*EXERCISE OBJECTIVE:* Would you transcribe the listing that follows word for word, skipping pictures?

*DATA BELOW:*
======
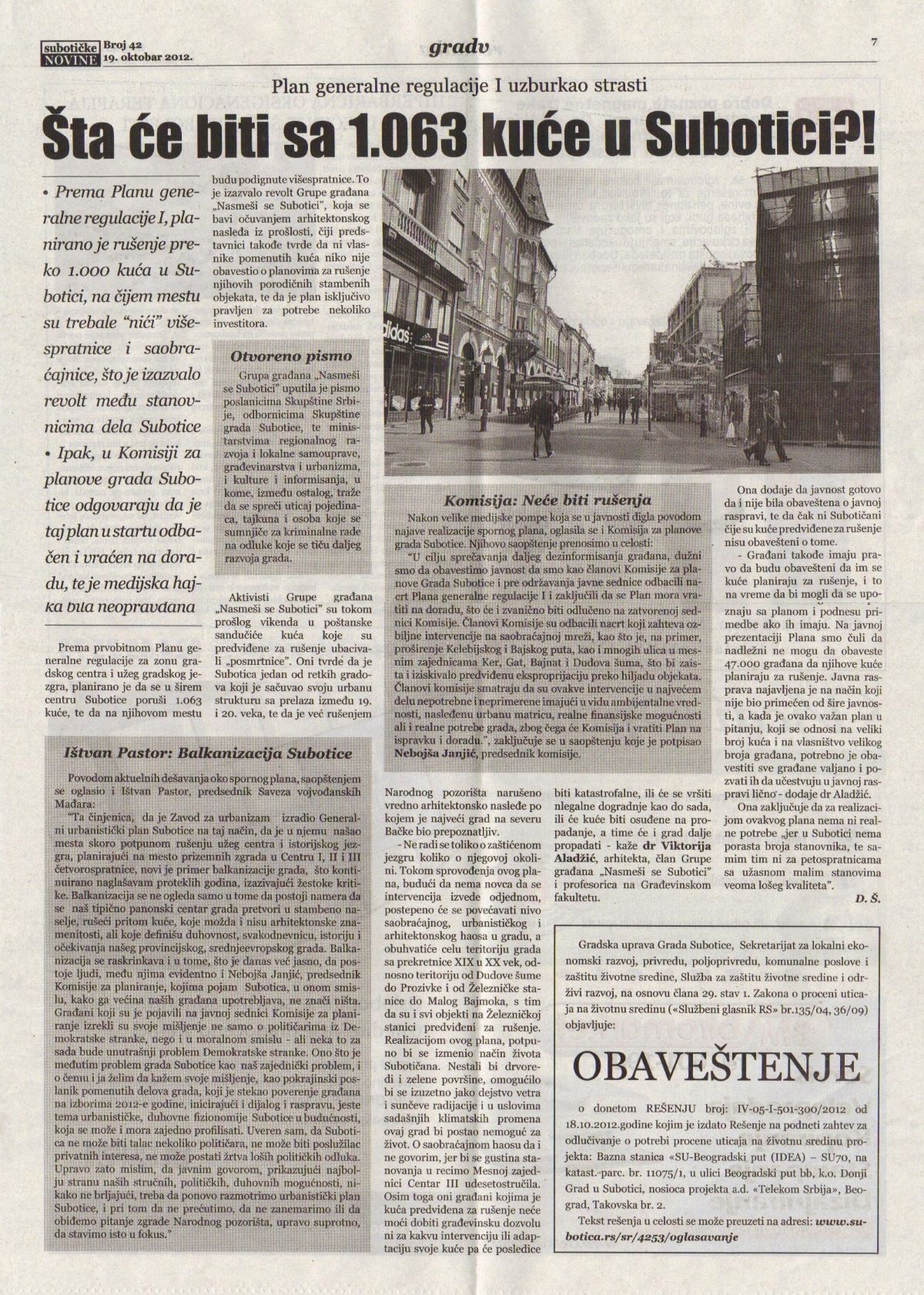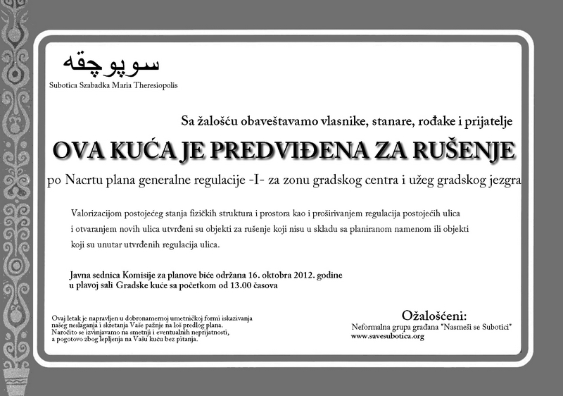 Ez a terv erős közfelháborodást váltott ki, különösen azután, hogy a Mosolyogj Szabadkára! (Nasmeši se Subotici) nevű informális polgári csoport, Viktorija Aladžić építész vezetésével figyelemfelkeltő kampányt indított. A nyilvános vita előtt az érintett házakra olyan értesítéseket ragasztottak ki, amelyek küllemükben gyászjelentésekre emlékeztettek.
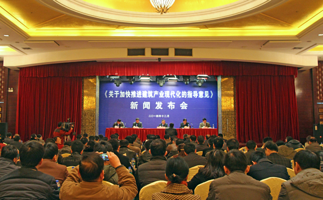 2014年12月26日,安徽省加快推进建筑产业现代化工作新闻发布会在合肥举行,省住房和城乡建设厅侯淅珉厅长主持发布会,财政厅副厅长严一民,住建厅副厅长李建、仲亚平、财政厅陈维光处长出席会议,并回答了记者的提问。省市有关主流媒体、各市住房和城乡建设主管部门、房地产管理局,建筑产业现代化示范基地、科研单位参加了会议。
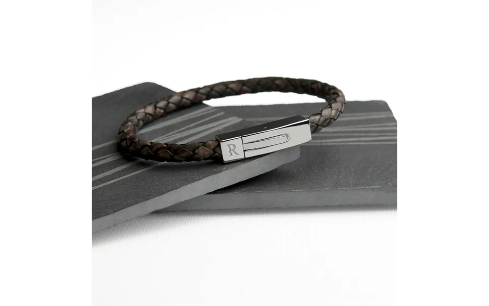 A effortlessly stylish men's leather bracelet with eye catching clasp and design. The bracelet is made from treated, hard-wearing woven leather and has a distinctive tube clasp for added security as well being easy to wear. With two knotted woven leather straps this bracelet stands out from the rest the leather bracelet is the perfect gift for a father, husband or friend. This bracelet is hardwearing and sturdy but please do no expose to water to ensure it's perfect condition is maintained. Personalisation: initials 3 characters max. Please note: this item will be personalised exactly as you have written so please double check spelling, punctuation and use of capital letters personalised products can only be returned if they are faulty do not include accents and special symbols as some of our processes will not allow this due to the font type used please do not use all capitals in your personalised message, or the personalisation will be very difficult to read
======
*SOLUTION:*
 Ez a terv erős közfelháborodást váltott ki, különösen azután, hogy a Mosolyogj Szabadkára! (Nasmeši se Subotici) nevű informális polgári csoport, Viktorija Aladžić építész vezetésével figyelemfelkeltő kampányt indított. A nyilvános vita előtt az érintett házakra olyan értesítéseket ragasztottak ki, amelyek küllemükben gyászjelentésekre emlékeztettek.
 2014年12月26日,安徽省加快推进建筑产业现代化工作新闻发布会在合肥举行,省住房和城乡建设厅侯淅珉厅长主持发布会,财政厅副厅长严一民,住建厅副厅长李建、仲亚平、财政厅陈维光处长出席会议,并回答了记者的提问。省市有关主流媒体、各市住房和城乡建设主管部门、房地产管理局,建筑产业现代化示范基地、科研单位参加了会议。
 A effortlessly stylish men's leather bracelet with eye catching clasp and design. The bracelet is made from treated, hard-wearing woven leather and has a distinctive tube clasp for added security as well being easy to wear. With two knotted woven leather straps this bracelet stands out from the rest the leather bracelet is the perfect gift for a father, husband or friend. This bracelet is hardwearing and sturdy but please do no expose to water to ensure it's perfect condition is maintained. Personalisation: initials 3 characters max. Please note: this item will be personalised exactly as you have written so please double check spelling, punctuation and use of capital letters personalised products can only be returned if they are faulty do not include accents and special symbols as some of our processes will not allow this due to the font type used please do not use all capitals in your personalised message, or the personalisation will be very difficult to read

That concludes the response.